The League of Socialist Youth of Bosnia and Herzegovina (Savez socijalističke omladine Bosne i Hercegovine, abbreviated SSOBiH or SSO BiH) was a youth organization in the Socialist Republic of Bosnia and Herzegovina. SSOBiH traced its roots to the youth resistance movements during World War II, and became the main youth organization in the republic during the Tito era. During the 1980s, SSOBiH became increasingly autonomous from the party line and eventually became a political party of its own.

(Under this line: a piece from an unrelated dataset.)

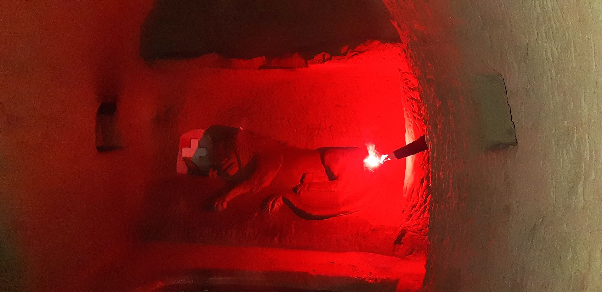 Bald konnte die erste Gruppe mit Helm und Lampen ausgerüstet ins Bergwerk einsteigen. Niemand konnte sich vorstellen, dass hinter einem kleinen Tor und unter einem niedrigen Hügel so ein grosses Sandbergwerk verborgen ist.
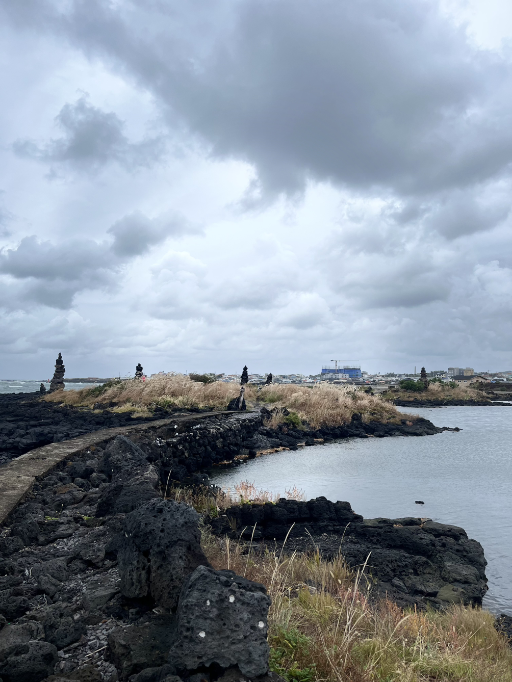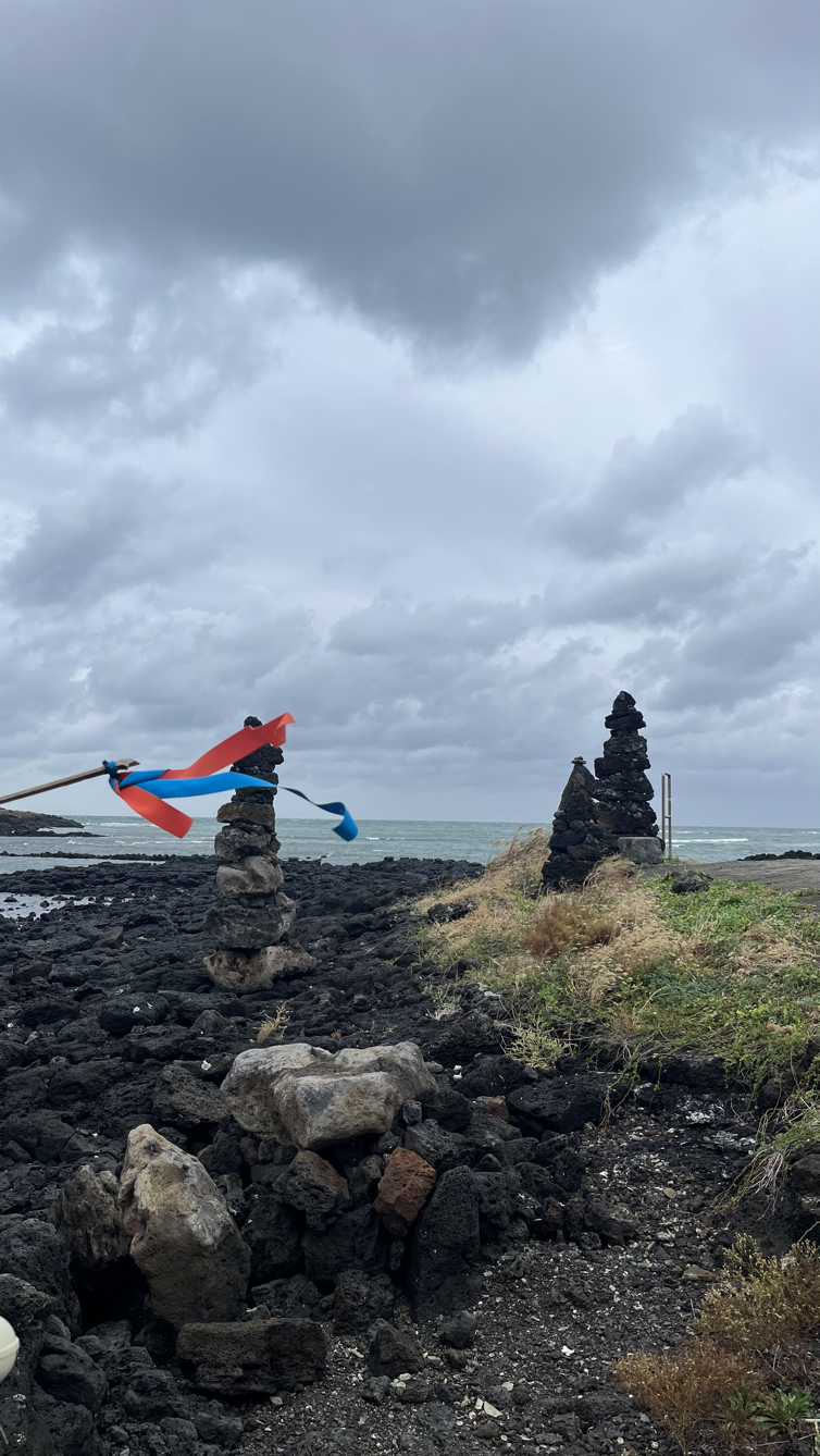 18코스는 제주도의 역사를 볼 수 있는 곳이었다. 아이를 낳게 해달라고 기도한 수덕물이라는 여탕도 보았고, 군사적 용도로 횃불 연기를 냈던 연대도 지나쳤다. 조천마을에서 신촌마을로 넘어가는 ‘대섬’은 용암이 표면을 들어 올려 만들어진 빵모양의 지형인데 파도 따라 물결치는 억새풀 사이로 돌탑들이 무수히 쌓여있었다. 옛날에는 무슨 소원을 빌며 돌을 쌓았을까? 무병장수, 장원급제? 혹시 나처럼 평온한 삶도 소원이라고 빌었을까? 조심스레 제일 몽글한 돌을 주워 마음을 위한 삶을 소원하며 탑을 쌓았다.

It was succeeded by the Liberal Democratic Party.

==Anti-fascist youth movement in Bosnia and Herzegovina during World War II==
In the midst the partisan resistance struggle, in December 1941 the Young Communist League of Yugoslavia (SKOJ) took the initiative to start building the Popular Liberation Youth League of Bosnia and Herzegovina (Narodnooslobodilačkog saveza omladine Bosne i Hercegovine, abbreviated NOSOBiH), as a mass organization to seeking to unite Muslim, Croat and Serb youth to fight the Axis occupation. NOSOBiH was founded in early 1942, and towards the end of 1942 NOSOBiH became integrated into the United Antifascist Youth League of Yugoslavia (USAOJ). On September 20, 1943 a USAO BiH Regional Conference for the Bosnian Krajina was held at which the USAO BiH Regional Board was elected. The 1st congress of the United Antifascist Youth League of Bosnia and Herzegovina (Ujedinjenog saveza antifašističke omladine Bosne i Hercegovine, abbreviated USAOBiH) was held in Sarajevo May 5–9, 1945. USAOBiH published Riječ as its organ.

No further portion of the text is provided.